The American Gastroenterological Association (AGA) has released a Clinical Practice Update on the management of hepatitis delta virus (HDV) infection, providing current guidance on epidemiology, screening, diagnosis, and treatment.
Hepatitis delta virus occurs in patients with hepatitis B virus (HBV) infection and substantially increases the risk of cirrhosis, hepatocellular carcinoma, and liver-related mortality compared with HBV monoinfection. Recent analyses estimate that approximately 30,000 to 60,000 people in the United States have active HDV infection.
Among those with chronic hepatitis B, prevalence varies across groups, with 4.2% among non–US-born patients, 6.7% among people with HIV coinfection, 43.8% among persons who inject drugs, and 5.1% among men who have sex with men. A recent meta-analysis found that concurrent HDV infection nearly doubles the risk of compensated cirrhosis and increases the risk of decompensated cirrhosis, hepatocellular carcinoma, and liver-related death by up to fourfold.
Testing for HDV remains limited in the United States. Among more than 40,000 veterans with positive hepatitis B surface antigen, only about 11% were tested for HDV, and few received confirmatory RNA testing. Even in populations with high-risk features, HDV screening rates have not improved significantly over the past decade, noted Tatyana Kushner, MD, (Division of Gastroenterology and Hepatology, Weill Cornell School of Medicine, New York, NY) and colleagues, in the published article in Gastroenterology.
In line with the World Health Organization’s 2024 guidance, the AGA panel recommended universal HDV screening for all patients with chronic HBV infection.

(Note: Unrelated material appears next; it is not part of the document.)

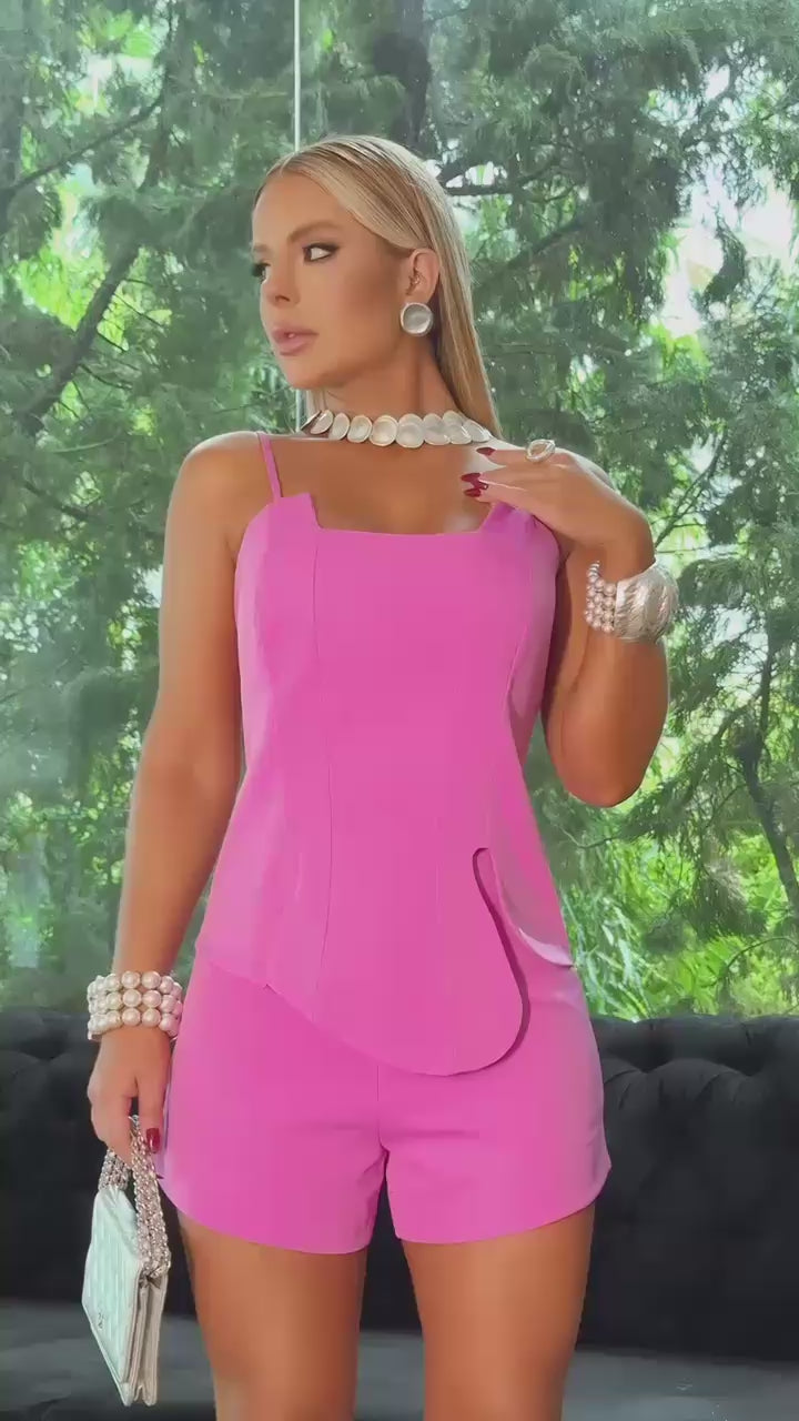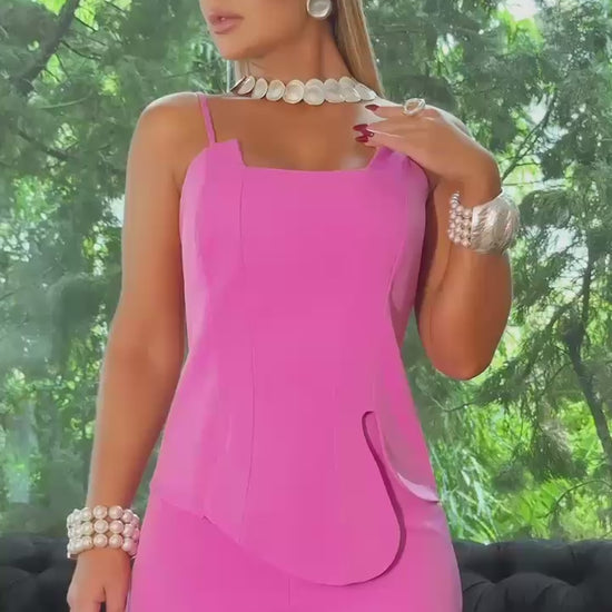 Macaquito cheio de estilo alinhado às tendências atuais com blusa corset de alças finas e caimento estruturado, que valoriza muito bem a silhueta. O detalhe assimétrico na barra dá um toque arquitetônico e contemporâneo ao visual.

Screening should begin with anti-HDV antibody testing, followed by confirmatory HDV RNA polymerase chain reaction testing to identify active infection.
Patients with HDV infection should be evaluated for cirrhosis using noninvasive methods such as vibration-controlled transient elastography or FIB-4, both of which show high diagnostic accuracy. Given the elevated risk of hepatocellular carcinoma, all patients with HDV should be enrolled in liver cancer surveillance programs.
Pegylated interferon-alpha remains the only approved treatment for chronic HDV in the United States. Sustained virologic response rates range from 23% to 57%, and relapse occurs in about half of patients after discontinuation. Despite these limitations, responders show improved survival and reduced liver-related complications. Several new therapeutic agents are in late-stage clinical trials.
Bulevirtide, a viral entry inhibitor, has been approved in Europe since 2020 and achieved response rates of 45% to 48% at 48 weeks in phase 3 trials; an expanded access program is available in the US. Brelovitug, a monoclonal antibody targeting hepatitis B surface antigen, showed a 67% HDV RNA decline at 24 weeks in phase 2 data. A combination therapy of tobevibart and elebsiran achieved approximately 50% alanine aminotransferase normalization and a 2-log or greater HDV RNA decline in all treated participants at 24 weeks. Lonafarnib, an oral farnesyltransferase inhibitor, produced response rates of 10% to 19% at 48 weeks, and nucleic acid polymers such as REP2139 demonstrated a 73% HDV RNA decline in early trials.
"The concurrent development of novel therapeutics with increased efficacy and safety will hopefully improve disease outcomes in patients living with HDV," wrote Dr. Kushner and colleagues. "As promising HDV treatments enter phase 3 trials and in particular drugs that also target functional cure of HBV are developed, the future will hopefully bring curative treatments for HDV that can decrease disease burden and optimize outcomes for patients living with HDV."